One skilled in the clinical and pharmacological arts will be able
to determine a therapeutically effective amount through routine
experimentation, for instance, by monitoring a subject's response
to administration of a compound and adjusting the dosage
accordingly. For additional guidance, see Remington: The Science
and Practice of Pharmacy (Gennaro ed. 20th edition, Williams &
Wilkins PA, USA) (2000).
[0048] The formulations of the inventive subject matter can be
administered according to any suitable dosing schedule. For
example, it is contemplated that a dose of between 100-1,000 mg
fulvestrant, more preferably between 150-750 mg fulvestrant, and
even more preferably between 200-550 mg fulvestrant can be
administered once, twice, or even three or more times per
month.
[0049] Although some preferred compositions according to the
inventive subject matter may be administered via intramuscular
injection, it is contemplated that the formulations can be used to
form a dosage form administered in any suitable manner, including
for example, orally via capsules, powders, tablets, troches,
elixirs, suspensions, syrups, wafers, chewing gums, aqueous
suspensions or solutions. Oral pharmaceutical preparations can be
made following the conventional techniques of pharmacy involving
milling, mixing, granulation, and compressing, when necessary, for
tablet forms; or milling, mixing and filling for hard gelatin
capsule forms. When the dosage unit form is a capsule, it may
additionally contain a pharmaceutically acceptable carrier, such as
a liquid carrier (e.g., a fatty oil).
[0050] Other dosage unit forms may contain other various materials
which modify the physical form of the dosage unit, such as, for
example, a coating. Thus, tablets or pills may be coated with
sugar, shellac, or other enteric coating agents. Materials used in
preparing these various compositions should be pharmaceutically or
veterinarally pure and non-toxic in the amounts used.

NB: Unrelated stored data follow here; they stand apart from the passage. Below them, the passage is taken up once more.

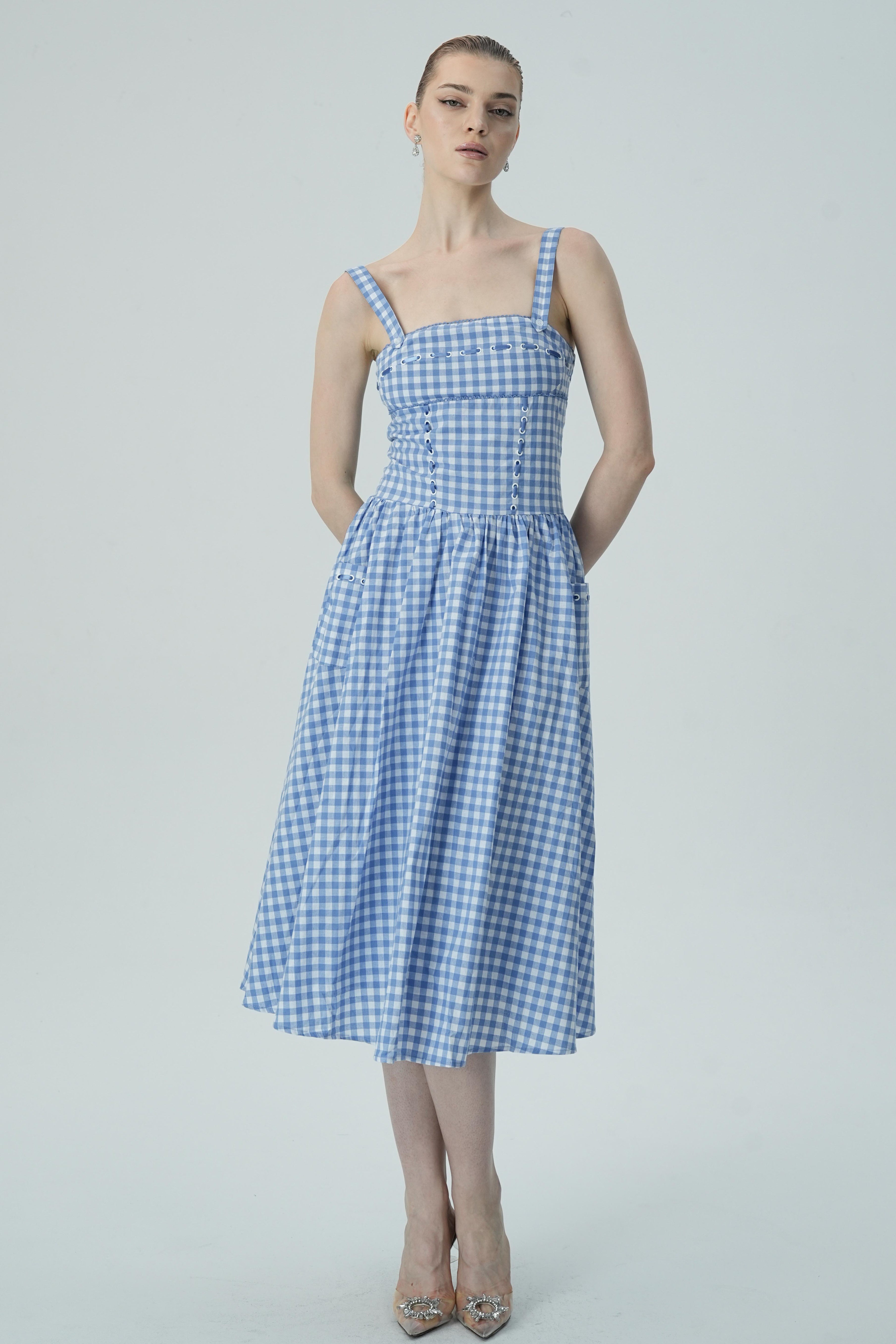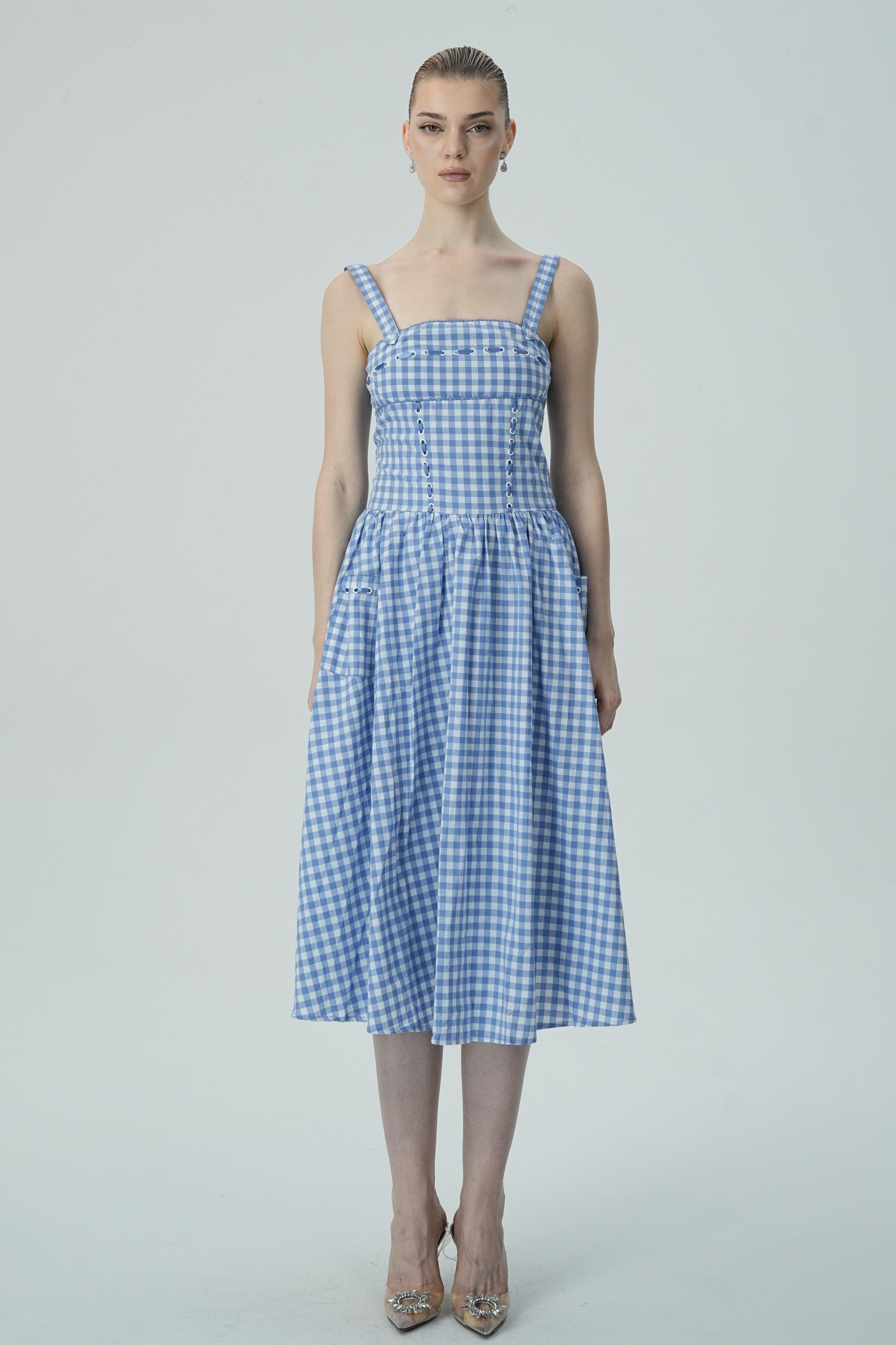 Bağcık Detaylı Mavi Pötikare Midi Elbise
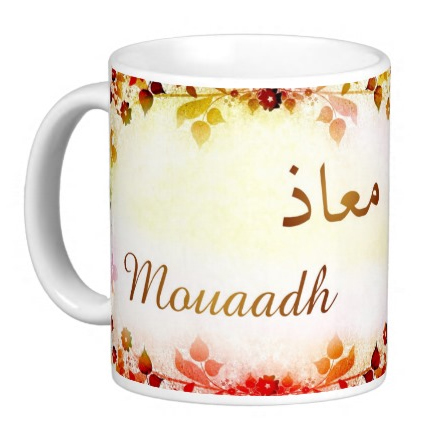 Mug avec le prénom "Mouaadh" écrit en français, en arabe (معاذ) et calligraphié de façon artistique en arabe sur la partie droite.
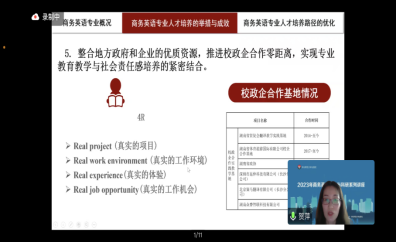 随后讲座通过对服务于区域经济的商务英语人才培养举措和成效,打通商务英语专业人才培养新路径等方面的介绍,探讨如何提高商务英语专业人才培养质量。
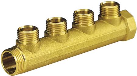 Fordelerør fra Pettinaroli i messing med 4 forgreninger. Ideelt for vann- og varmesystemer.
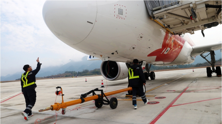 2024年2月16日,重慶,機(jī)場(chǎng)員工堅(jiān)守崗位,為旅客春運(yùn)返程保駕護(hù)航

"Pharmaceutically acceptable carrier" as used herein refers to a
pharmaceutically acceptable material, composition, or vehicle that
is involved in carrying or transporting a compound of interest from
one tissue, organ, or portion of the body to another tissue, organ,
or portion of the body. For example, the carrier may be a liquid or
solid filler, diluent, excipient, solvent, or encapsulating
material, or a combination thereof. Each component of the carrier
must be "pharmaceutically acceptable" in that it must be compatible
with the other ingredients of the formulation.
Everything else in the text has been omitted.